Oil is largely present in most people's diets, through cooking methods (sautéing, frying, roasting and baking) and as an ingredient. It provides many nutrients essential to the diet including fat, vitamins and antioxidants. Various oils have different properties such as smoke points and foods they’re best suited to, but which oil is the healthiest? In this post we will discuss and compare 4 popular cooking oils - Olive oil, sesame oil, sunflower oil, and coconut oil. However, it's important to recognise that the type of oil in your diet may have a small influence on your health over a long period of time but the whole picture must be taken into account regarding the rest of your dietary intake.
It's important to note - when cooking at a very high heat, you should consider the ‘smoke point’ of your chosen oil. This is the temperature at which the oil begins to degrade, releasing potentially harmful chemicals. This temperature varies widely between oil types so may be worth considering if you're using a cooking method involving high heats.
Olive oil has long been the favourite choice in kitchens across the globe.
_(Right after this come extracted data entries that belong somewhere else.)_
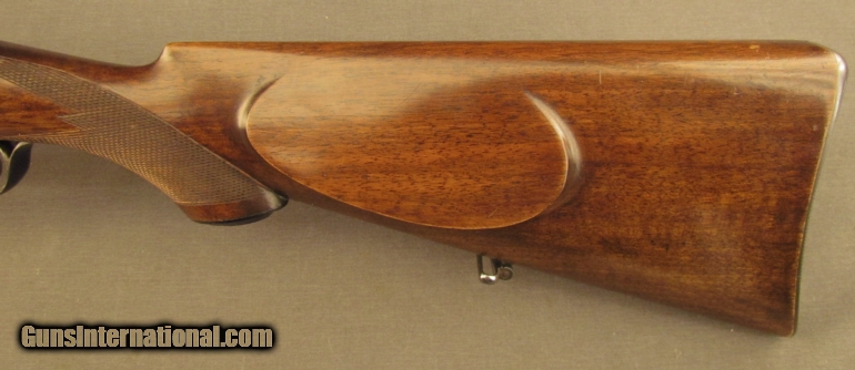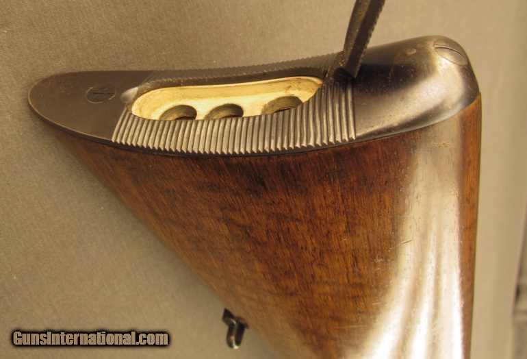 Description: Serial #14190, 8x56mm Mannlicher-Schoenauer, 19 3/4? barrel with an excellent, bright bore. This is a fabulous little carbine that retains 97-98% of the original rich, commercial blue finish that has faded slightly along the high edges and projections, and on the bearing surfaces of the bolt. The straw color remains on the small parts and the original bright color case-hardening is still present on the lower wrist tang. The pre-war Austrian proofs and factory markings are crisp and sharp, and the bolt latch has most of the original bright fire blue remains. The full-length walnut stock has a rounded, continental cheek-piece and is in excellent condition with crisp original checkering and a few negligible handling marks in the original oil finish. The rifle is equipped with double set triggers and grooved horn buttplate. This is an excellent example of a desirable Mannlicher-Schoenauer sporting rifle, and would make a fantastic addition to any collection. FFL or C&R SOLD Curio/Relic: Yes Manufacturer: Mannlicher Schoenauer Model: 1908 Serial Number: 14190 Caliber Info: 8mm Gauge Info: 8mm |
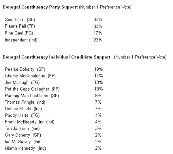 A new opinion poll carried out for TG4 shows that Fianna Fáil is poised to win two seats in Donegal and may well upset Sinn Féin’s plans to take three seats in that newly merged 5 seat constituency.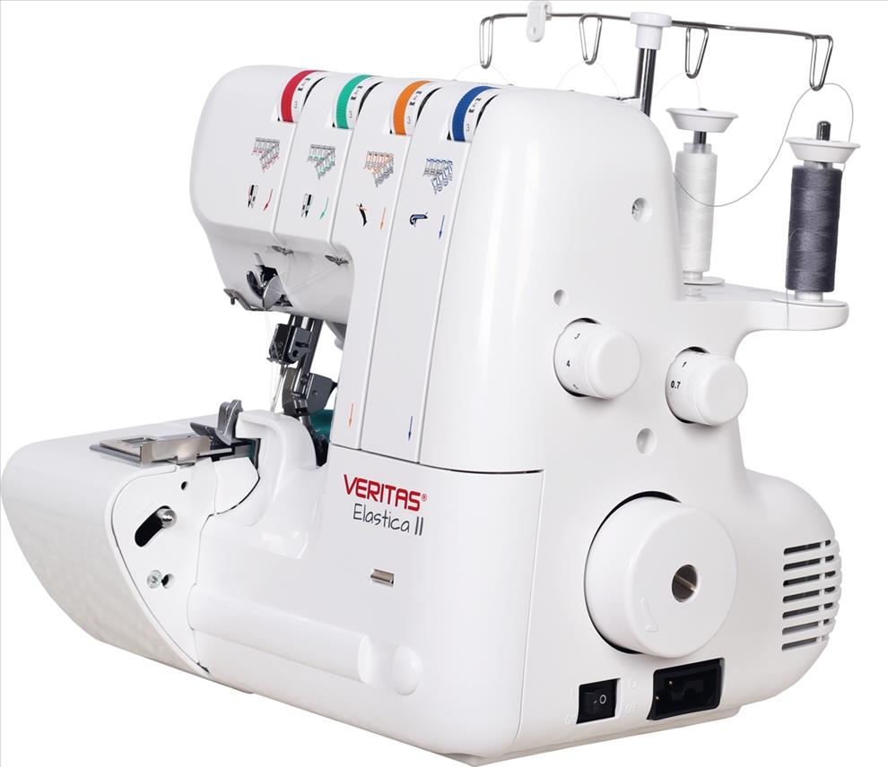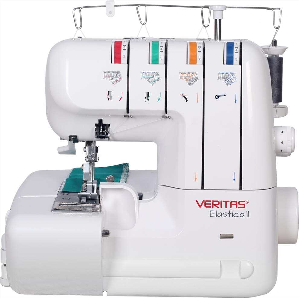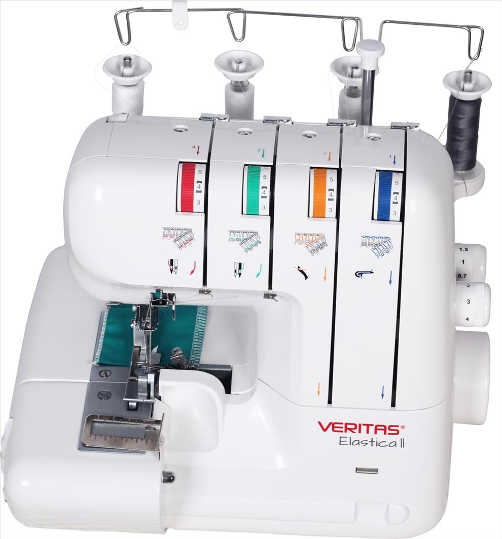 S overlockem VERITAS Elastica můžete šít se 2, 3 nebo 4 nitěmi a ušít velmi pružný a současně vysoce pevný overlockový šev. Vedení všech 4 nití je barevně odlišné pro snadnou orientaci při navlékání. Odříznuté části látky se shromažďují ve schránce a neztěžují vám práci. Součástí stroje je navíc pouzdro s početným příslušenstvím, včetně horního nože a pinzety, které jsou tak vždy po ruce a usnadní vám práci.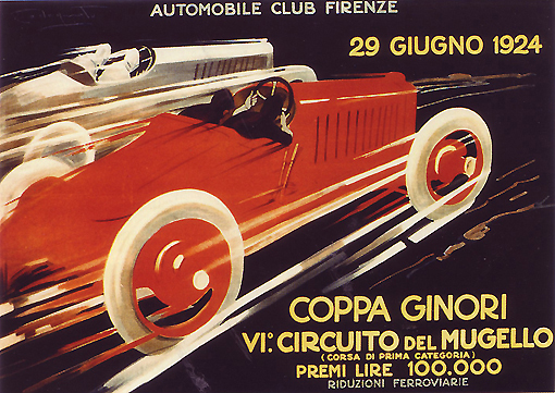 Le sue tematiche preferite, connesse al progresso meccanico, alle gare motoristiche, alla velocità ed ai nuovi mezzi di comunicazione, andarono a braccetto con l’avanguardia futurista.

It’s versatile and can be used for baking, sautéing, or cold dressings. Olive oil is rich in vitamin E, which acts as an antioxidant. The primary fatty acid in olive oil is a monounsaturated fat called oleic acid. Monounsaturated fats are considered healthy fats and are favoured for their anti-inflammatory properties to protect against coronary heart disease. Along with these benefits it’s important to note that olive oil contains a lot of calories. With 1 tbsp of olive oil holding 120 calories.
Sunflower oil is primarily composed of linoleic acid, a polyunsaturated fat, and oleic acid, a monounsaturated fat. Sunflower oil also contains the antioxidant vitamin E. This composition is associated with a lower risk of heart disease in comparison to saturated fats. On the whole, olive oil and sunflower oil are quite similar, although sunflower oil has a higher smoke point so is preferable for high heat cooking. With 1 tbsp of olive oil holding 120 calories.
Sesame oil has a similar profile to olive oil. Sesame oil works well for sautéing, general-purpose cooking, and even as a salad dressing. Sesame oil also contains omega-3 and omega-6 fatty acids which are essential fatty acids (meaning they can’t be made by the body) and both of which are polyunsaturated fats. Polyunsaturated fats can help reduce bad cholesterol levels in your blood which can lower your risk of heart disease and stroke. 1 tbsp of sesame oil has 120 calories.
Coconut oil varies from the other oils mentioned as it is composed of predominantly saturated fat. So, if improving your heart health is a particular goal of yours, limiting your coconut oil intake would be a good idea, as saturated fat is linked with increasing the risk of heart disease and has the opposite effect of the liquid fats mentioned above (olive, sesame or sunflower oil), that are rich in mono & polyunsaturated fats. That said coconut oil is a great alternative to be used in baking instead of animal fats (butter) or trans fats (vegetable oil). There are 117 calories per tbsp of coconut oil.
In summary, although oil is high in calories, it is an essential part of the diet offering vitamins and antioxidants with beneficial anti-inflammatory properties. All the above mentioned oils have a health benefit but should be consumed in moderation, particularly, coconut oil due to its saturated fat content.